Additionally, authorities alleged that GM did not adequately inform consumers about how their information would be utilized. The complaint indicated that GM’s privacy policies suggested that driver data would solely be used to provide requested OnStar services and even asserted that the company did not sell driving or location information. Investigators contended that GM’s practices contradicted these statements.

San Francisco District Attorney Brooke Jenkins characterized modern vehicles as “rolling data collection machines,” asserting that consumers deserve transparency regarding the information collected and how it is shared. Los Angeles County District Attorney Nathan J. Hochman reiterated that companies managing consumer data would be held accountable under California privacy laws, irrespective of their size.

Growing Scrutiny of Connected Vehicle Privacy

This settlement occurs amid increasing regulatory scrutiny surrounding connected vehicle privacy and automotive data collection practices. In 2023, CalPrivacy initiated investigations into how connected car manufacturers handle consumer information. Public attention intensified in 2024 following a report by The New York Times, which revealed that automakers were sharing driving behavior data with insurance companies. The report indicated that some consumers outside California had experienced increased insurance premiums linked to such data-sharing practices.

California investigators later concluded that drivers in the state were likely not directly affected by insurance rate increases, as state insurance laws prohibit insurers from using driving behavior data to set premiums. However, regulators maintained that the collection, retention, and sale of the data itself contravened California privacy requirements.

Terms of the Settlement with General Motors

As part of the settlement, GM is required to implement several privacy-related measures over the coming years. The company must:

  • Pay $12.75 million in civil penalties.
  • Cease selling driving data to consumer reporting agencies for five years.
  • Delete retained driving data within 180 days unless consumers provide explicit consent for limited uses.
  • Request the deletion of driver data already shared with LexisNexis and Verisk.
  • Establish and maintain a comprehensive privacy compliance program.
  • Submit privacy assessments and compliance reports to California regulators and prosecutors.

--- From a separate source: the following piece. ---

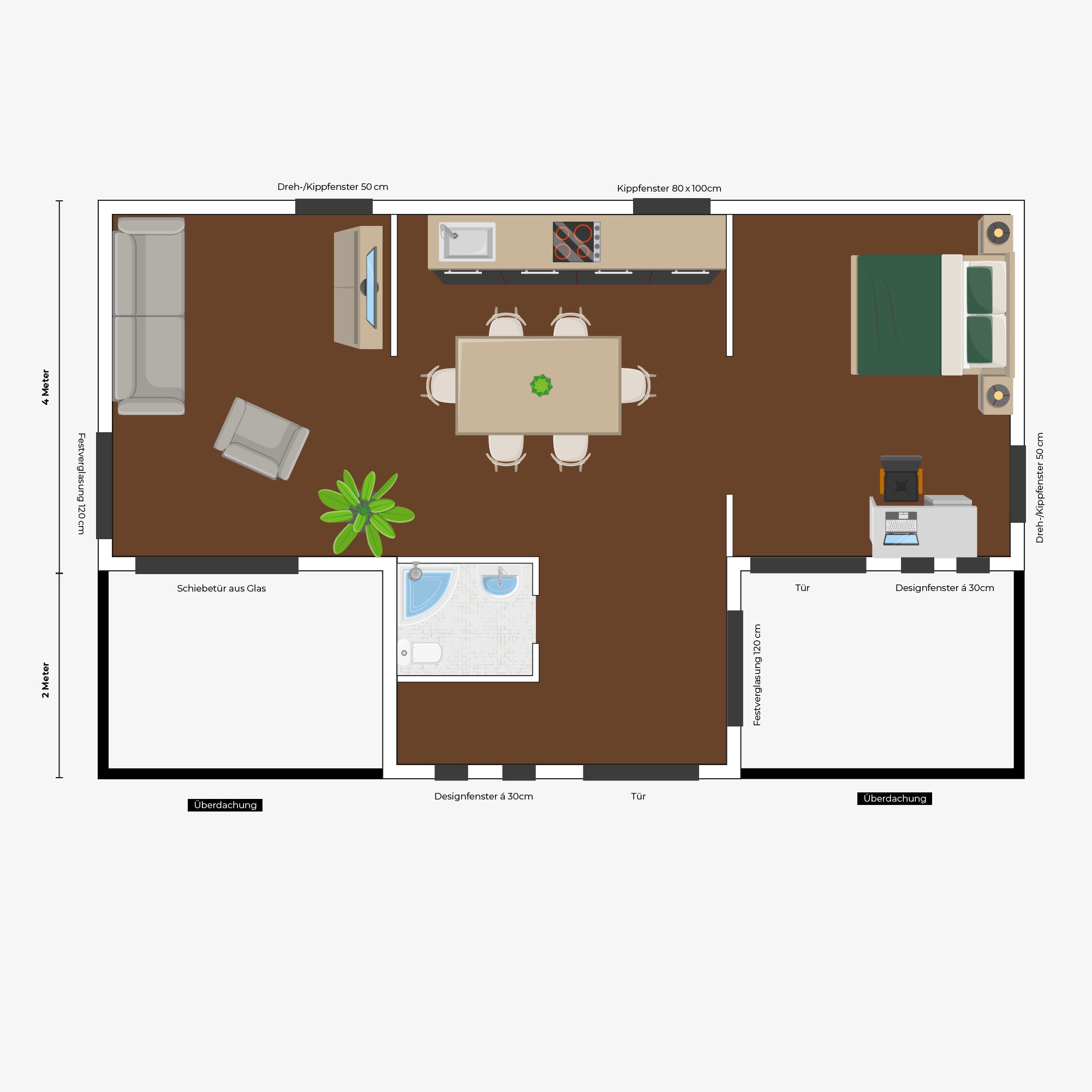 We always recommend creating a foundation according to our specifications. You can easily download the foundation plan for your exact configuration free of charge using the configurator. If you book our assembly service, we require the foundation to be in place so that we can guarantee the stability of your Urban One.

This settlement reinforces California’s broader initiative to enhance consumer control over personal information under the CCPA. CalPrivacy Executive Director Tom Kemp stated that California privacy laws necessitate that businesses collect only the information they genuinely require and maintain transparency regarding data handling practices.

In conjunction with the settlement announcement, regulators also highlighted the state’s Delete Request and Opt-out Platform (DROP), which enables Californians to submit requests for the deletion of personal information held by numerous registered data brokers.